Wednesday, December 03, 2008

Conservative Lies

 
The Conservative Party under Stephen Harper has been spreading false information about how our parliamentary system works. They have been claiming that the transfer of power from the Conservative Party to the coalition under Stéphane Dion is a "coup" and that Dion does not have the right to lead a government.

Why are the Conservatives doing this? There are two possible explanations ...
  • They believe what they are saying, in which case they are stupid and ignorant about how parliament works. They don't deserve to be the government.

  • They know they are lying but they hope to convince Canadians that they're telling the truth. Because they are liars and because they have such a low opinion of the average Canadian, they don't deserve to lead a government.
Here's the problem. Harper and his Conservatives are doing great harm to the country by spreading lies. They are trying to convince Canadians that we have a US Presidential style of democracy and that he (Harper) was voted in as Prime Minister. Our young people are confused enough about politics without having this kind of false information spread by our Prime Minister.

Peter Russell is a Professor Emeritus in the Dept. of Political Science at the University of Toronto. We have tangled on a number of issues but always with mutual respect (I hope). He is a very smart man and you don't want him to catch you spreading lies about politics. Here's part of his column in today's Toronto Star [Constitution and precedent are on coalition's side].
If there is an alternative government available that has a reasonable prospect of being supported for a period of time by a majority in the House of Commons, she would have reason to decline Harper's request. Harper would then have to resign, and the Governor General would commission Dion to form a government.

If this happens, again there would be no "usurpation" of power but a proper application of the rules and principles of parliamentary democracy. It has been very disturbing to hear over the last few days, from people who should know better, wild unparliamentary theories about our system of government. Elections are not simple popularity contests in which the leader whose party garners the most votes gets all the power.

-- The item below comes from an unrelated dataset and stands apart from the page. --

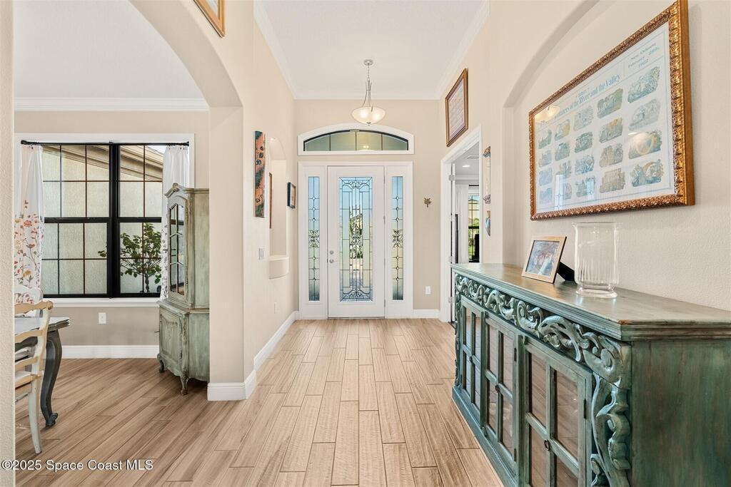 Enjoy gorgeous lakefront views in this meticulously maintained contemporary CBS home in the sought-after gated community of Stonecrest at Viera. Located on one of the larger lots in the neighborhood, this house boasts double water views. Decorating for the seasons is as easy as pushing a button with the exterior custom lighting system. A glass-door entryway welcomes you into the open floorplan, with a formal dining room and flex/bonus room to either side of the foyer. Natural light from large double pane windows guide you through to the kitchen, great room, and breakfast nook. At the heart of the home, the light and bright kitchen offers stainless steel appliances, a vented hood, gas range, convention oven, a breakfast bar and pantry. Move through the 8 ft. sliders to the extended screened patio and take in the sparkling lake views while cooking on the grill. The expansive primary bedroom with its own sitting area includes a spacious ensuite SEE ''MORE

I am greatly concerned that there is so little public knowledge of the constitutional rules that govern our parliamentary system of government. These rules are not formally written down in a legal text or taught in our schools. Maybe the most important lesson to take from the situation we are now living through is to begin to codify as much as we can of this "unwritten" part of our Constitution and to ensure that it is well taught in our schools.
Harper is wrong. The only remaining question is whether he is stupid or a liar (or both).

Who is to blame for this mess? Peter has the correct answer ....
These precedents and many, many others illustrate the basic point that in parliamentary democracies we elect parliaments not prime ministers, and that the Governor General (or the presidential head of state in a republican parliamentary system) must be advised by ministers who are supported by a majority in the elected house of parliament.

Now let's apply these rules of parliamentary democracy to the situation Canada now faces. After the Oct. 14 election, Stephen Harper remained Prime Minister, formed a new government and prepared to face the House. Although his party had improved its seat total it was still in a minority position in the House. This meant that to continue in office Harper would have to win enough support from the opposition benches to secure the confidence of the House.

For a few days it appeared that Harper would reach out in a conciliatory manner and garner the parliamentary support he needs on order to have the right to govern.

But, to put it mildly, on Nov. 27 just a few days into the session, through his finance minister's economic update, he made an abrupt U-turn. Instead of seeking support from the opposition, his government presented an in-your-face, take-it-or-leave-it position.

The opposition parties – all three of them – decided not to take it. Instead, they announced that they would use their collective majority in the House to vote no confidence in the Harper government and support an alternative coalition government.